The required output is the lines from the one with "What's your sign?" through the end of the data, repeated verbatim, with no pictures included.

*The data*:
<<<<
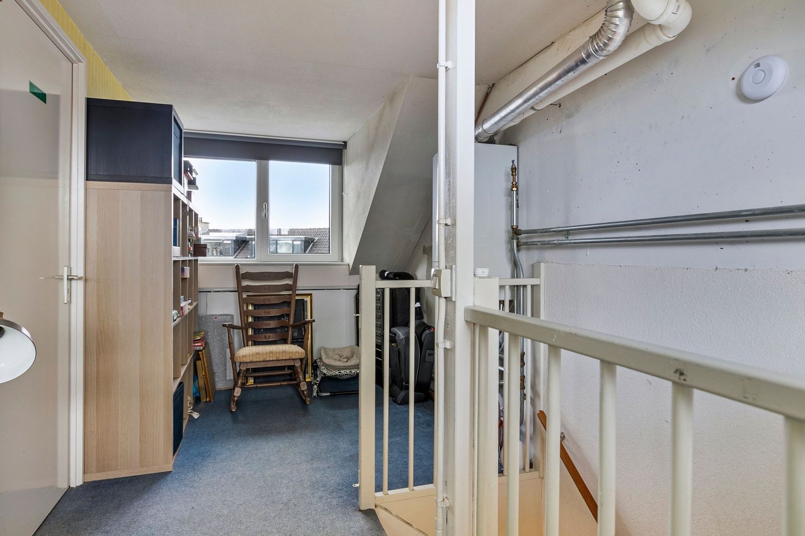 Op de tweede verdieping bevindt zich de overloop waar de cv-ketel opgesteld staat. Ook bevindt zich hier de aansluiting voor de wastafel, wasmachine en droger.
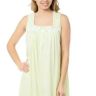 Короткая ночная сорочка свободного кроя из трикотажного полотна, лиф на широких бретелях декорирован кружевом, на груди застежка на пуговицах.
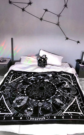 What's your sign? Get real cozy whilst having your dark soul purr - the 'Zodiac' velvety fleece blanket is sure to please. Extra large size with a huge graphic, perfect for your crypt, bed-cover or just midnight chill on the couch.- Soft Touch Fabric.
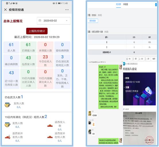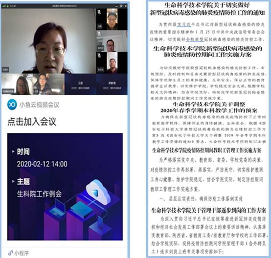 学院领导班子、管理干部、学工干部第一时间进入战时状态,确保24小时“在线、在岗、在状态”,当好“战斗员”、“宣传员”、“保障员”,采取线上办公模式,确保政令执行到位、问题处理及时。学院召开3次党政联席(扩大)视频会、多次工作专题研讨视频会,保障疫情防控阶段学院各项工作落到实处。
>>>>
*Answer to the exercise*:
 What's your sign? Get real cozy whilst having your dark soul purr - the 'Zodiac' velvety fleece blanket is sure to please. Extra large size with a huge graphic, perfect for your crypt, bed-cover or just midnight chill on the couch.- Soft Touch Fabric.
 学院领导班子、管理干部、学工干部第一时间进入战时状态,确保24小时“在线、在岗、在状态”,当好“战斗员”、“宣传员”、“保障员”,采取线上办公模式,确保政令执行到位、问题处理及时。学院召开3次党政联席(扩大)视频会、多次工作专题研讨视频会,保障疫情防控阶段学院各项工作落到实处。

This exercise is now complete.